§ Problem requirements:
Give the lines below again, exactly as they stand, and leave out the images.

§ Supplied material:
◇ ◇ ◇ ◇ ◇
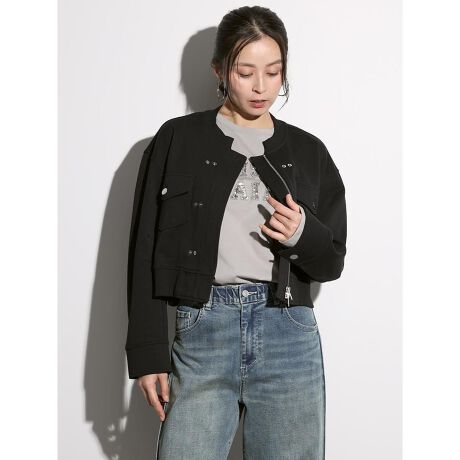 フロントに配したリベット使いが、シンプルな佇まいにほどよいエッジを添えるジップブルゾン。
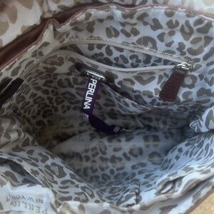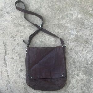 PERLINA New York Brown Distressed Leather Crossbody Purse. Adjustable strap, brushed silver hardware, magnetic closure.
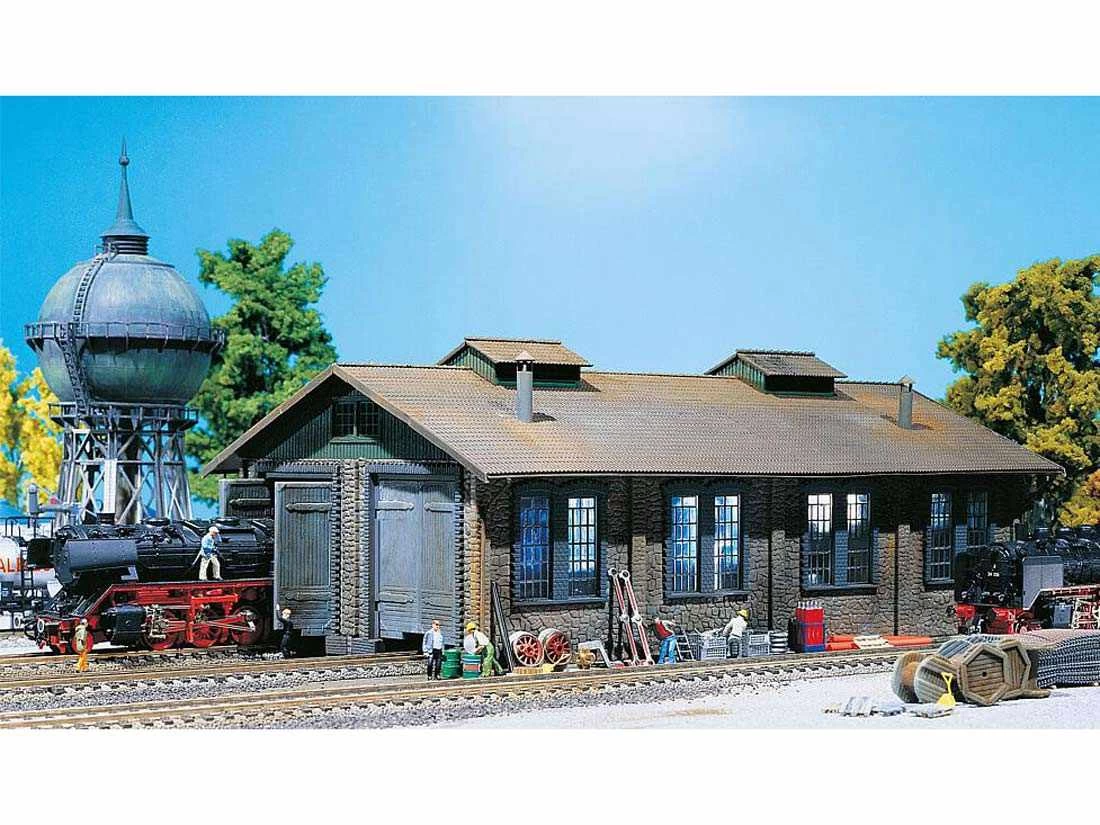 Modell: Spur H0. Lokschuppen in Ziegelbauweise, mit 2 Unterständen für Loks bis zu 270 mm LÜP. Die Tore verfügen über Federn, die diese nach dem Durchfahren einer Lok automatisch wieder schließen. Oberleitungsbetrieb möglich.
◇ ◇ ◇ ◇ ◇
§ Response below:
 フロントに配したリベット使いが、シンプルな佇まいにほどよいエッジを添えるジップブルゾン。
 PERLINA New York Brown Distressed Leather Crossbody Purse. Adjustable strap, brushed silver hardware, magnetic closure.
 Modell: Spur H0. Lokschuppen in Ziegelbauweise, mit 2 Unterständen für Loks bis zu 270 mm LÜP. Die Tore verfügen über Federn, die diese nach dem Durchfahren einer Lok automatisch wieder schließen. Oberleitungsbetrieb möglich.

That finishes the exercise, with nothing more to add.